Aldehyde Dehydrogenase Discriminates the CD133 Liver Cancer Stem Cell Populations

In the last several years, accumulating evidence has been lending support to the idea that human cancer can be considered a stem cell disorder. According to the hierarchical “stem cell model of carcinogenesis,” tumors are not to be viewed as simple monoclonal expansions of transformed cells, but rather as complex tissues where abnormal growth is driven by a rare cancer stem cell (CSC) pool that has not only acquired tumor-like features such as uncontrolled growth but also maintains its innate capacity to self-renew and differentiate into a phenotypically heterogeneous progeny (1).

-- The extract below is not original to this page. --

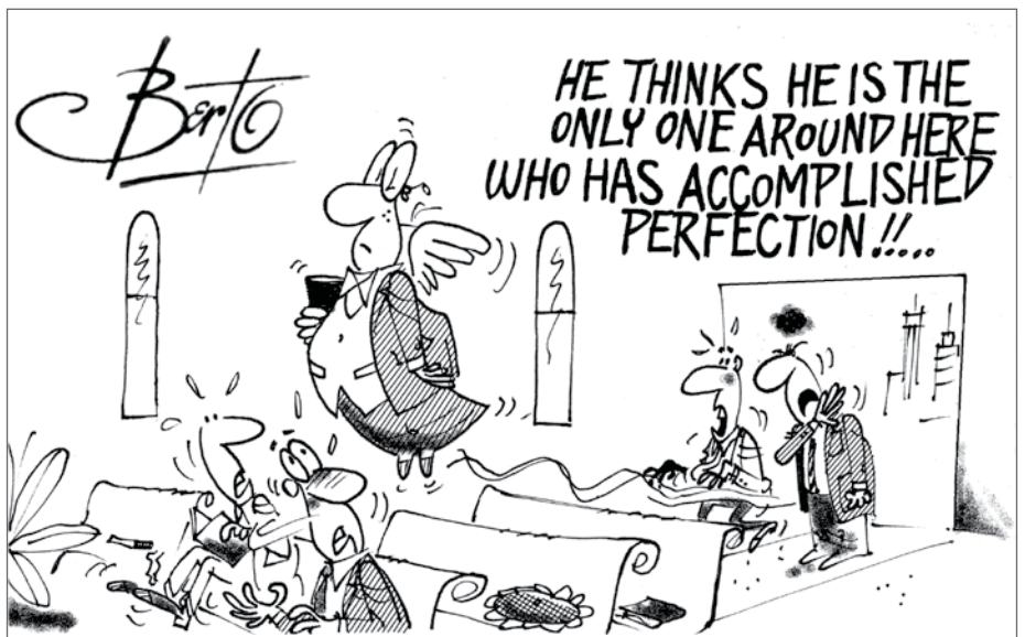
A "sin of the Church"? See article on page 14-15.

CSCs, like normal stem cells, are also generally believed to possess unique survival mechanisms. And in view of their stem like properties, these cells are believed to be responsible for the maintenance and propagation of the entire tumor. Therefore, to completely eradicate a tumor and prevent recurrence, it is imperative that CSCs be specifically targeted. To date, CSCs have been identified as the driving force behind tumor formation in several tumor types including those of leukemia (2), cancers of the breast (3), brain (4), and prostate (5), and more recently, cancers of the colon (6) and liver (7-10).

Hepatocellular carcinoma (HCC) is the fifth most common cancer worldwide, affecting 1 million individuals annually. Despite extensive research efforts, there is little understanding of the characterization of the specific group of cells that are the target of tumorigenic transformation. Recently, we and others have identified, characterized, and isolated a CD133⁺ CSC-like subpopulation from human HCC cell lines and xenograft tumors. Studies in our laboratory found that CD133⁺ HCC cells not only possess a greater colony-forming efficiency, higher proliferative output, and greater ability to form tumor in vivo but are also endowed with characteristics similar to those of stem/progenitor cells including the preferential expression of “stemness” genes, the ability to self-renew, and the ability to differentiate into non–hepatocyte-like, angiomyogenic-like lineages. CD133 expression is found to represent only a minority of the tumor cell population in human HCC specimens (8-10). In addition, CD133⁺ cells are also more resistant to conventional chemotherapeutic drugs such as doxorubicin and 5-fluorouracil, the underlying mechanism of which required the preferential activation of the Akt/protein kinase B and Bcl-2 survival pathways (11).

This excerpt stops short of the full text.